Filehash

Handling large amounts of data in R is tricky as R typically loads the entire dataset in to RAM. While this means that computations are going to be very fast, it also means that dataset that can be used for analysis is dependent on your RAM. One solution which I stumbled on was Filehash which seemed to offer me a solution than the usual way that I was going about. I was getting the entire stuff in postgreSQL and then doing computations using R.

Filehash seemed to be great as I don’t have to bring another RDBMS in to the work loop. However after spending 1-2 hours on it, I realized it was not that useful for me. It is great if you have key value pairs, but not really great if you have too many columns with dependencies and there is a lot of subsets that you need to work on. In any case, filehash was nothing but DB2 sitting at the back of R. Why should I put my data in to DB2, when a powerful postgreSQL is at my disposal. I have ditched Filehash. There is another package called ff , but sadly it is more useful if you want to sample stuff from a big file. In summary , it appears to me that the only way out is Hadoop-R/Mapreduce-R. That’s a steep learning curve for me.

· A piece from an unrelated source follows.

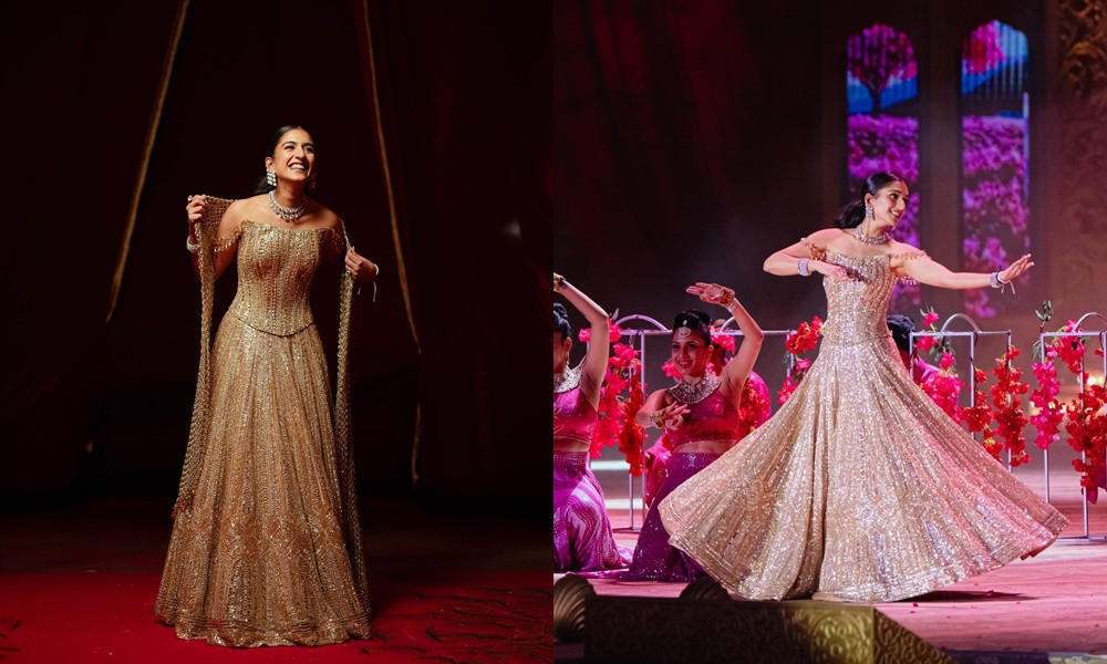 Cô dâu Radhika Merchant là vũ công chuyên nghiệp, từng dành 8 năm học múa cổ truyền tại Học viện Shree Nibla Arts ở Mumbai. Các bữa tiệc của Ấn Độ không thể thiếu những màn nhảy múa sôi động nên cô dâu cũng chọn nhiều trang phục thuận tiện để thực hiện các điệu nhảy.

Why should one think of fancy systems like hadoob?
Fact :On a typical day, 6 lakh NIFTY futures are traded in 20,100 seconds of a trading day ,meaning, 30 trades per second.Now each of these 30 trades happen at various price points and quantities. If you want to track the average futures price(quantity weighted) every second for a SINGLE day , it is easy. If you want to do it for a MONTH, it might take some time. If you want to do it for an YEAR and also calculate a 5 minute moving average of futures price, taking in to consideration gapups and gap downs across days, we are talking abt lots of computations on lots of data points. Even in such a simple application using RDBMS systems is a PAIN. I am guilty of using them now, but it will be of no use as things scale.